Exercise 1.2.6 (Product of four consecutive integers)

Proof.

(a)

By the Euclidean division, every integer $n$ is of the form $n=3k+r$, where $r=0,1$, or $2$.

If $n=3k$, then $3\mid n$; if $n=3k+1$, then $3\mid n+2$; if $n=3k+2$, then $3\mid n+1$. In every case,

$$3\mid n(n+1)(n+2).$$

Moreover, since $n$ is odd or even, $2\mid n$ or $2\mid n+1$. In both cases, $2\mid n(n+1)$, a fortiori

$$2\mid n(n+1)(n+2).$$

Moreover, $2$ and $3$ are relatively prime, therefore, for every integer $n$,

$$5\mid n(n+1)(n+2).$$

The product of three consecutive integers is divisible by $6$.

(b)

Similarly, every integer $n$ is of the form $n=4k+r$, where $r=0,1,2$, or $4$.

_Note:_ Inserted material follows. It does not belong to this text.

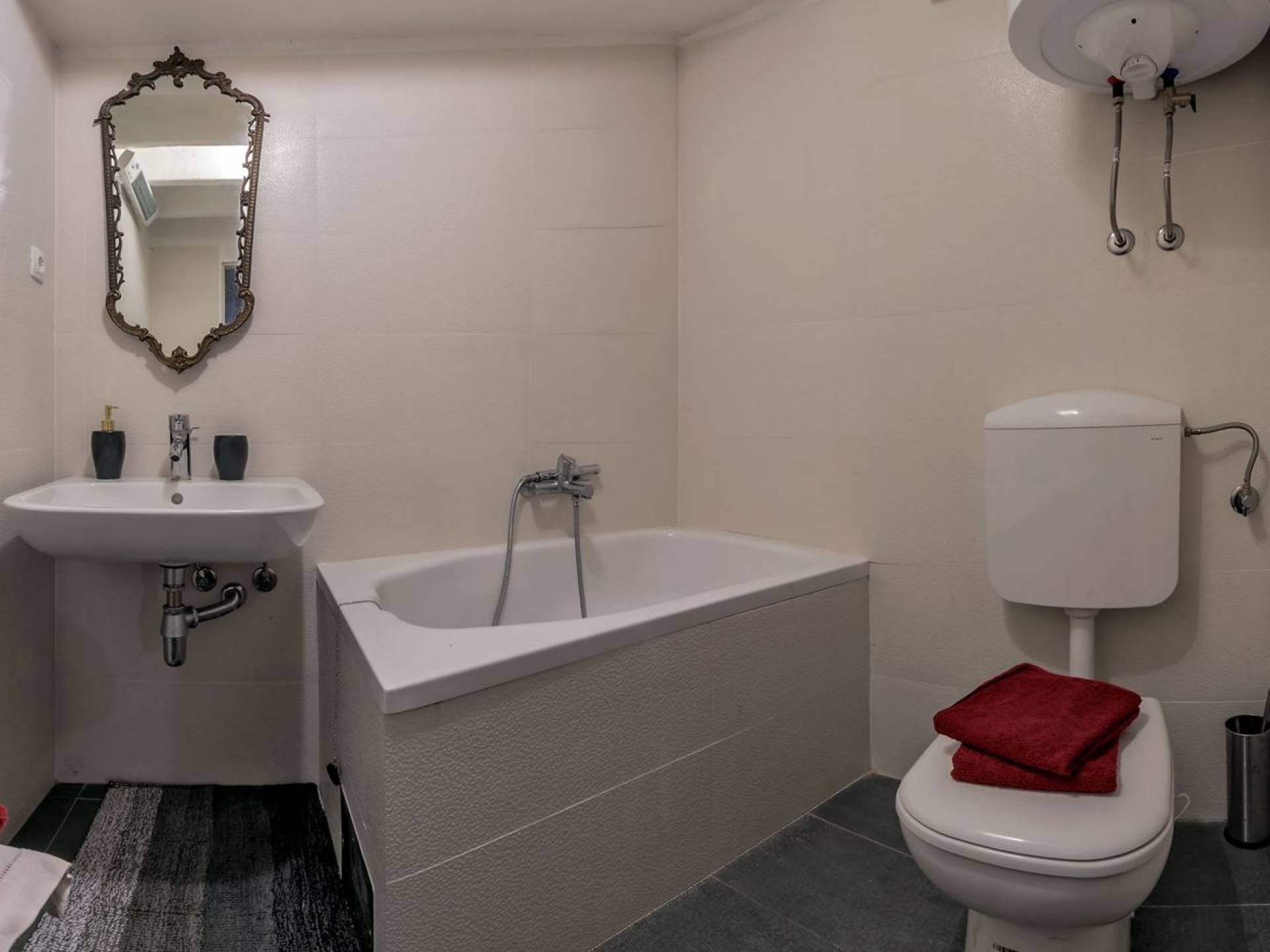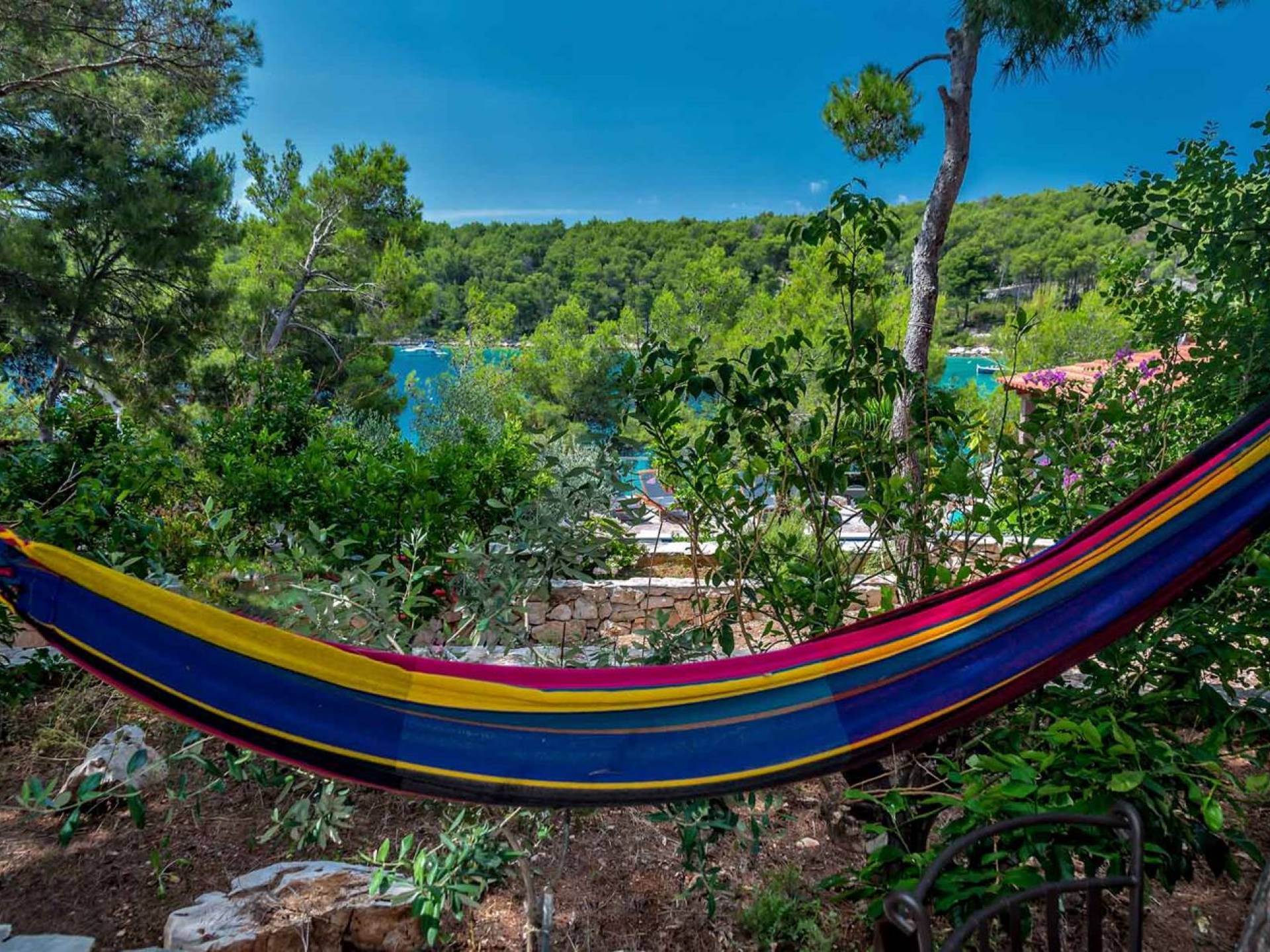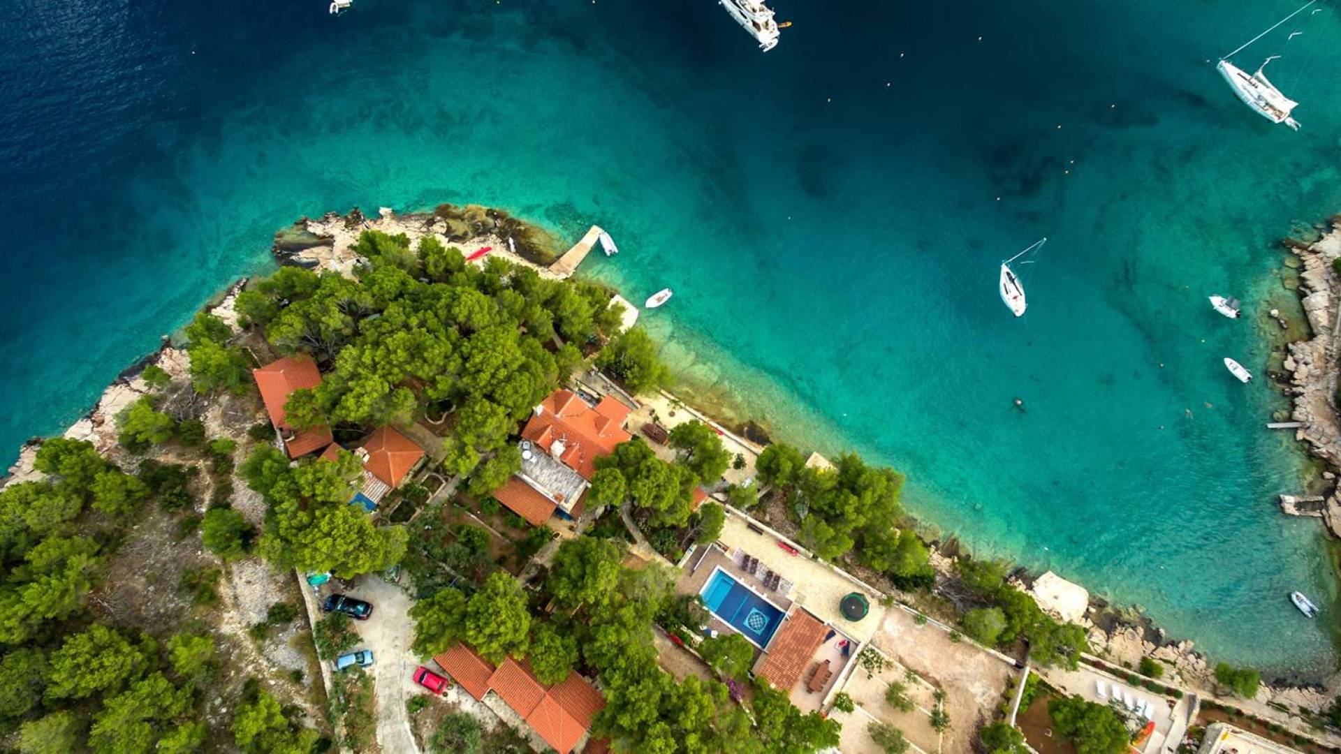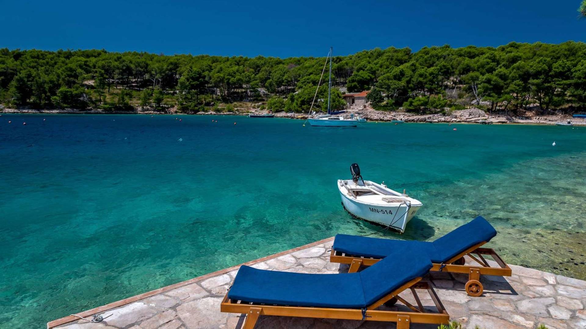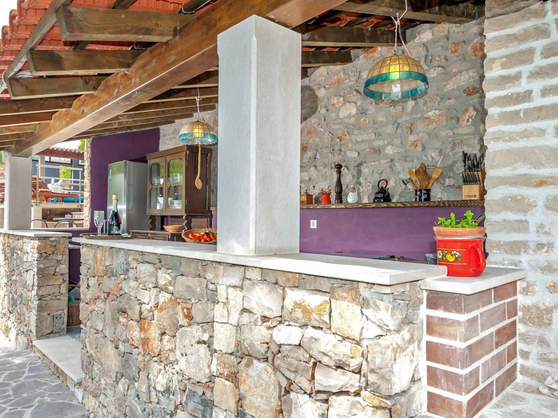 L'extérieur dispose d'une grande piscine privée (40 m²) entourée de transats et de parasols confortables, ainsi que d'une salle à manger ombragée idéale pour les repas en plein air et les moments de socialisation, rehaussée par le parfum distinctif des types de végétation dans cette région de la Méditerranée. Il y a aussi une cuisine d'été typiquement dalmate où vous pouvez préparer des plats savoureux mais si vous aimez un restaurant servant des aliments cultivés localement se trouve également sur place.

If $r=0$, $4\mid n$ and $2\mid n+2$, so $8\mid n(n+2)$;

if $r=1$, $4\mid n+3$ and $2\mid n+1$, so $8\mid (n+1)(n+3)$;

if $r=2$, $4\mid n+2$ and $2\mid n$, so $8\mid n(n+2)$;

if $r=3$, $4\mid n+1$ and $2\mid n+3$, so $8\mid (n+1)(n+3)$.

In every case

$$8\mid n(n+1)(n+2)(n+3).$$

By part (a), $3\mid n(n+1)(n+2)$, a fortiori

$$3\mid n(n+1)(n+2)(n+3).$$

Since $\gcd (3,8)=1$,

$$24\mid n(n+1)(n+2)(n+3).$$

The product of four consecutive integers is divisible by $24$.